Tese
Óleos essenciais como anestésicos para peixes: aspectos bioquímicos e moleculares
Fecha
2015-01-15Registro en:
TONI, Cândida. Essential oils as anesthetics for fish: biochemical and molecular aspects. 2015. 102 f. Tese (Doutorado em Farmácia) - Universidade Federal de Santa Maria, Santa Maria, 2015.
Autor
Toni, Cândida
Institución
Resumen
The essential oil (EOs) extracted from plants Hesperozygis ringens and Lippia alba possess
anesthetic and sedative properties and is an alternative to traditional anesthetics used in
aquaculture for ease of handling and/or reduce stress. In this sense, the study aimed to
investigate the effects of these EOs on the physiology of fish, through physiological, biochemical
and endocrine indicators.
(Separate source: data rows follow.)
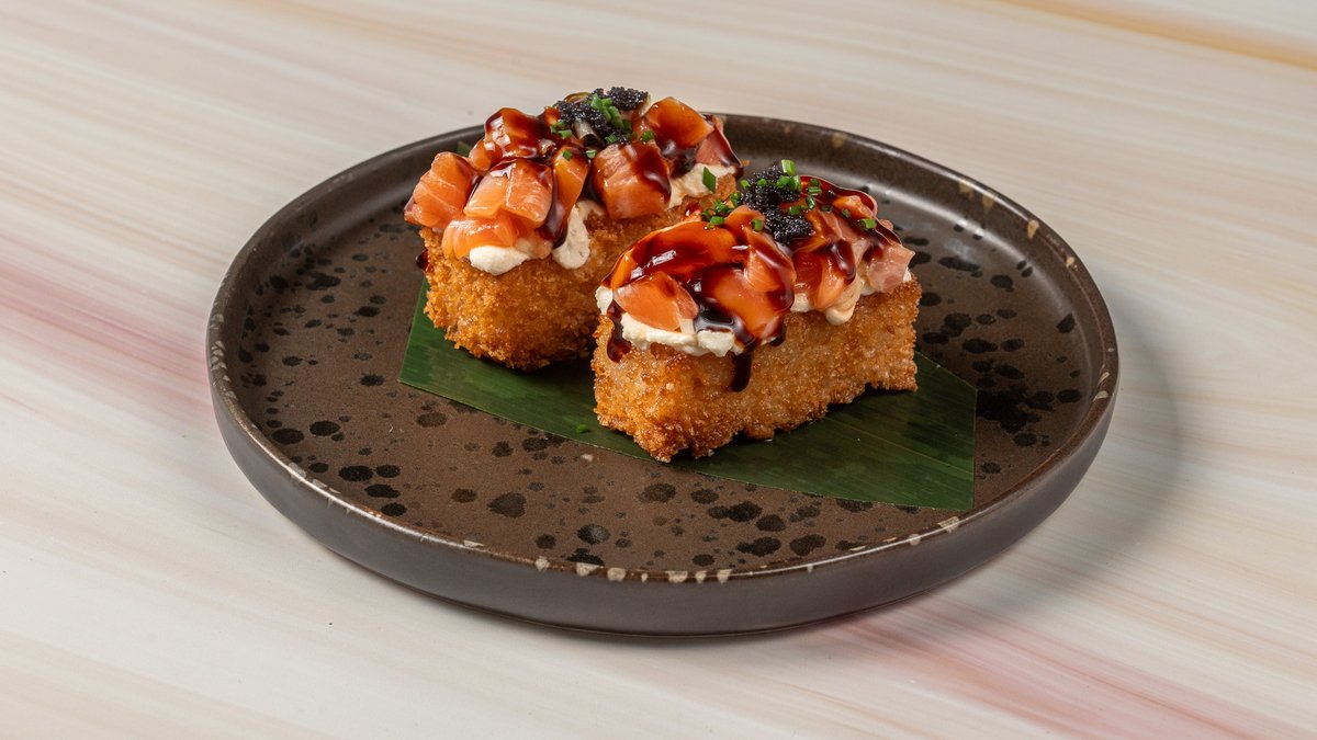2 Τεμάχια. Τηγανητό ρύζι με panko, τυρί κρέμα, μαριναρισμένο σολομό με ponzu και φρέσκο κρεμμύδι, teriyaki sauce, σχοινόπρασο και black masago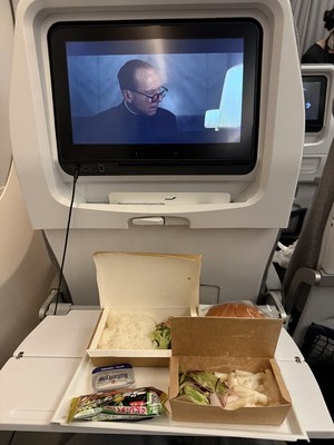 お食事しながら映画見てますね。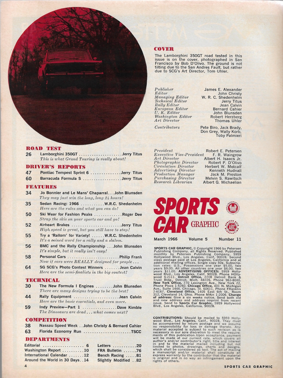SPORTS CAR GRAPHIC 1966 MAR - LAMBO 350GTTEMPEST SPRINT, CUDA S
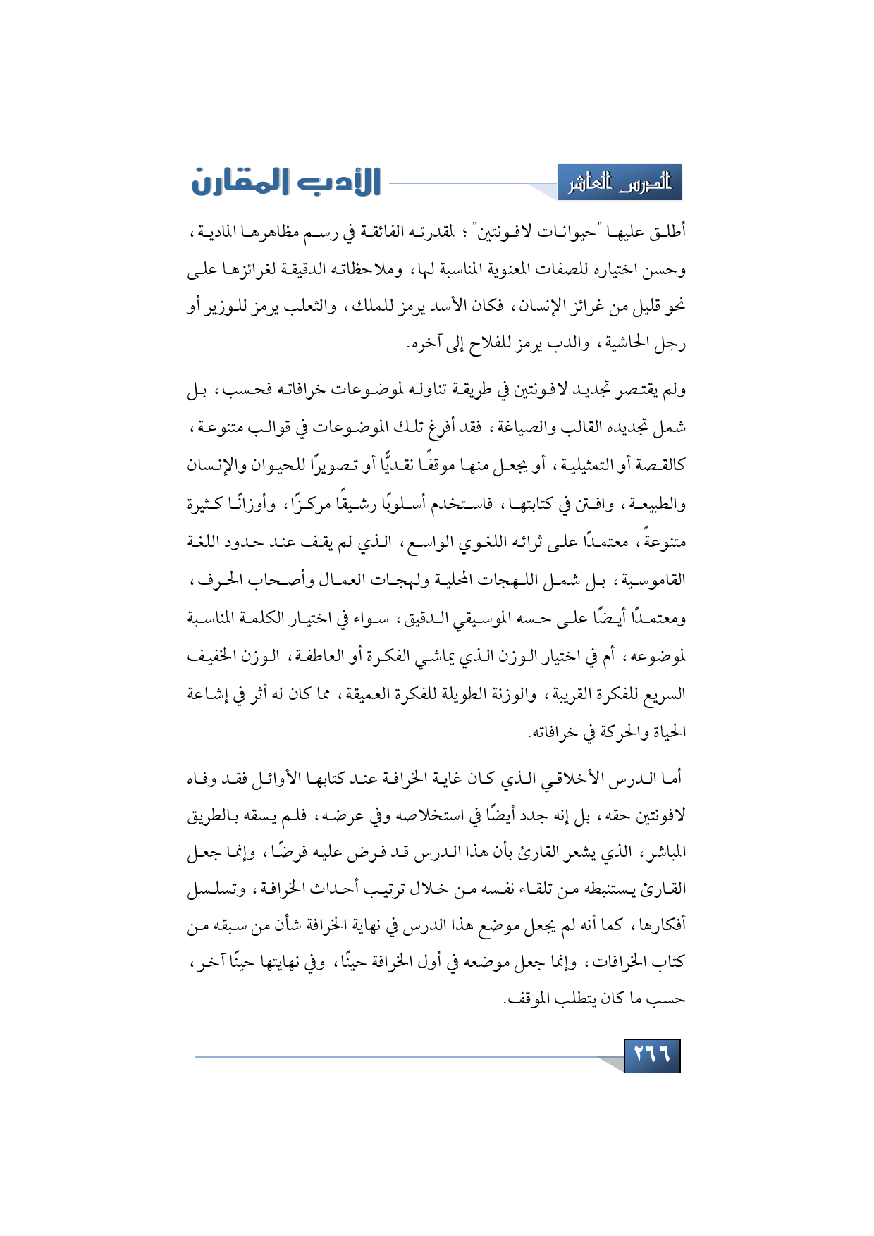 أطلق عليها "حيوانات لافونتين"؛ لمقدرته الفائقة في رسم مظاهرها المادية، وحسن اختياره للصفات المعنوية المناسبة لها، وملاحظاته الدقيقة لغرائزها على نحو قليل من غرائز الإنسان، فكان الأسد يرمز للملك والثعلب يرمز للوزير أو رجل الحاشية، والدب يرمز للفلاح إلى آخره.

In the article 1 was determined (a) the anesthetic activity of the EOs of
H. ringens (EOHR) and L. alba (EOLA) and (b) its effects on silver catfish (Rhamdia quelen) after
induction and recovery from anesthesia. Fish were subjected to one of the following treatments
for each EO: basal group, control or anesthetized (150, 300 or 450 uL L-1 EO), evaluating the
ventilatory rate (VR) during the induction period and thereafter transferred to anesthetics-free
tanks for recovery from anesthesia. At 0, 15, 30, 60 and 240 min of recovery, samples of plasma
and gills were collected to measure metabolic indicators and ionregulatory enzymes, respectively.
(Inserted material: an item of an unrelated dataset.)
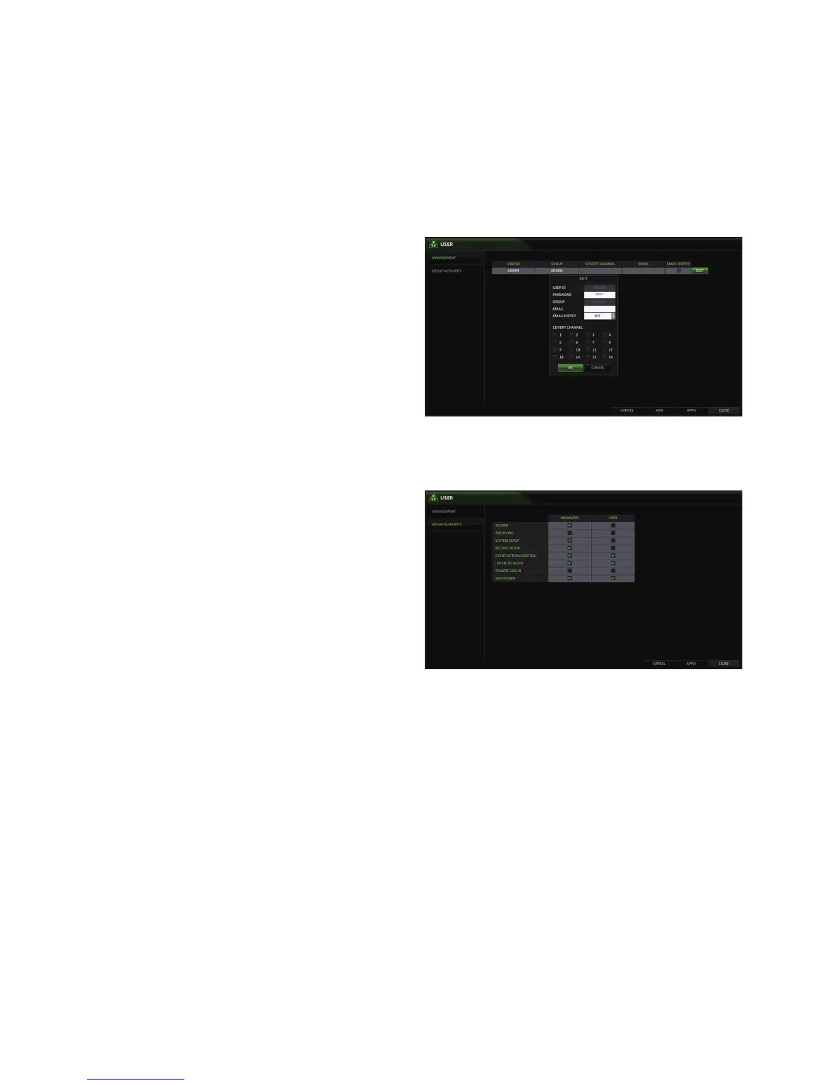 From <SYSTEM SETUP> - <USER>, select <GROUP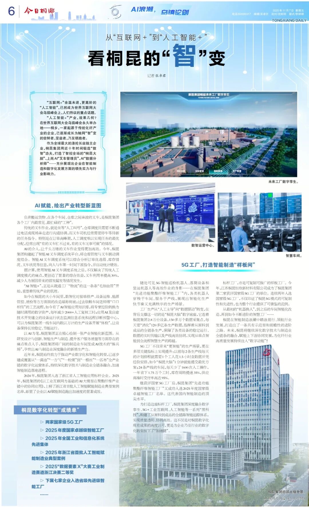 《今日桐乡》刊登桐昆集团数字化成果专版

In the article 2, the effects of prolonged exposure to low EOHR concentrations were studied on
silver catfish. After 6 h of exposure to 0 (control), 30 or 50 uL L-1 EOHR added to water, it was
analyzed: VR, metabolic indicators of stress in plasma, enzyme activity in liver, and expression of
pituitary hormones (growth hormone - GH, prolactin - PRL and somatolactina - SL). In the
manuscript, (a) evaluated the effectiveness of anesthesia EOLA on gilthead sea bream (Sparus
aurata) and (b) we investigated the effects of 35 uL L-1 EOLA and 2-phenoxyethanol (2-PHE) on
the stress response in gilthead sea bream undergoing persecution. After 4 h of exposure, the
plasma was sampled (for the determination of cortisol, metabolites and osmolality), brain and
pituitary (to evaluate the expression of endocrine indicators). In the article 1, anesthesia with EOs
caused changes in some parameters measured in silver catfish, but did not prevent the
restoration of most of the indicators assessed after 240 min of recovery. In the article 2, 50 uL L-1
EOHR led to an increase of glucose, lactate, protein and osmolality, as well as an increase in
metabolic enzyme activity and reduced expression of GH and SL. In the manuscript, gilthead sea
bream exposed to EOLA, stressed or not, exhibited higher levels of cortisol, glucose, lactate and
osmolality. EOLA exposure added to the stress reduced the expression levels of CRH-BP
(corticotropin releasing hormone bound to protein). PRL expression was reduced in the stressed
control group and after exposure to EOLA and 2-PHE in fish not stressed. Higher expression of
pro-opiomelanocortin (POMC) "a" and "b" were observed in fish stressed and exposed to EOLA
and 2-PHE, respectively. We conclude that: (1) the EOLA is more efficient for silver catfish that
EOHR in anesthesia concentrations; (2) for sedating the fish, it is recommended 30 uL EOHR L-1
(or less); (3) the EOLA was effective as an anesthetic for gilthead sea bream at 100-300 uL L-1,
but for 4 h exposure, the 2-PHE was more effective in preventing the stress response.